Thanks to Georgia Hurst for this insightful article based on her personal experiences as someone diagnosed with Lynch Syndrome. She describes some of the barriers she has faced with this diagnosis. Her blog is available at ihavelynchsyndrome.com
Matroyoshka Nesting Dolls by Georgia Hurst – ihavelynchsyndrome.com
I cannot help but think of those adorable Matryoshka nesting dolls when considering Lynch syndrome and its implications. Matryoshka nesting dolls are those cute, wooden Russian figures which separate, top from bottom, to reveal a smaller figure of the same sort inside, which, in turn, reveals another figure inside that, and so on. I think of those dolls as a metaphor for Lynch syndrome, sans the cuteness. The emotional toll of knowing you hold a deleterious gene mutation can be quite challenging and one Lynch syndrome issue leads to another, to another, and so forth. With that introduction, I am simply trying to raise consciousness in the elusive Lynch syndrome world about topics which are rarely discussed amongst the professionals who deal with Lynch syndrome patients. Doctors, genetic counselors, psychiatrists, psychologists, and others need to be cognizant that people with Lynch syndrome are dealing with a constellation of emotional and possibly physiological issues as a result of this diagnosis and the recommended surgeries.

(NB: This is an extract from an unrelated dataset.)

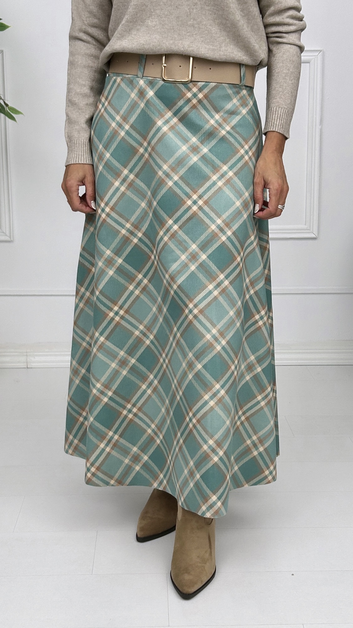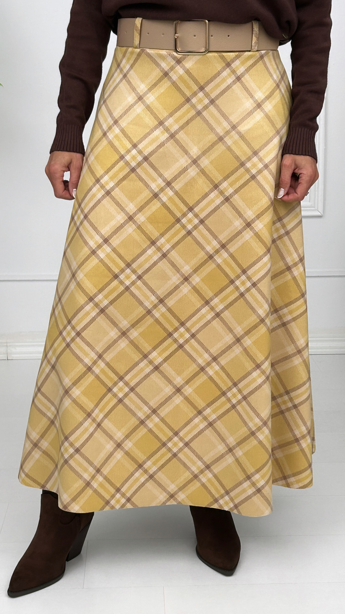 La falda de cuadros que está de súper tendencia llega a Arancha Konde! De corte evasé y estampado de cuadros en diferentes combinaciones de colores. Tejido muy suave, de antelina. Goma en la cintura para adaptarse a tu talla y cinturón incluido con hebilla cuadrada en dorado.

Lynch syndrome, also known as Hereditary Non-Polyposis Colorectal Cancer: HNPCC, affects approximately 600,000 people in the United States; yet, only approximately only 5% of us know it. Lynch syndrome is typically associated with a significantly increased risk for colorectal and endometrial cancers and is caused by mutations in following genes: MLH1, MSH2, MSH6, PMS2, and EPCAM. Cancers potentially stemming from Lynch syndrome include: colorectal, endometrial, gastric, ureter/renal, pelvis, biliary tract, small bowel, pancreas, brain, sebaceous carcinomas ovarian, prostate in men, and breast, endometrial and ovarian cancer in women. Lynch syndrome warning signs include early onset cancers (<50y) in one’s family history, specifically colon cancer, endometrial cancer, and/or two or more other cancers in the same individual, or among their close relatives.
My Lynch Matryoshka dolls exposed a plethora of new challenges and I did not have even one of those cancers. I took the prophylactic measure of removing my reproductive organs to prevent malignancy to them and was fortunate enough to ‘only’ have a hysterectomy and bilateral salpingo-oophorectomy. At the time of the surgery, I was a healthy, fit 40-year-old-woman – ten years, or more, away from menopause and doctors completely minimized what was to happen to me with this surgery, assuming that the “one size fits all approach” to medicine would with work with me. I was told that a hysterectomy and bilateral salpingo-oophorectomy were not such a big deal for a woman of my age and that I would be fine with a low dose of estrogen and an antidepressant. Unbeknownst to me, my physiological and psychological response to the surgery would end up highly taxing to say the least. The convalescence from surgery and further testing for Lynch syndrome screenings required a number of doctors’ visits – to some doctors who did not know about Lynch syndrome, nor would they take the time to find out, or were too arrogant to refer me elsewhere. A physician’s lack of knowledge regarding a deleterious gene mutation can only fuel a patient’s existing fears and anxiety. It is comparable to throwing the patient into dark, shark infested waters, and not telling them which way to swim; a very frightening position to be in for a person who already feels like a walking time bomb.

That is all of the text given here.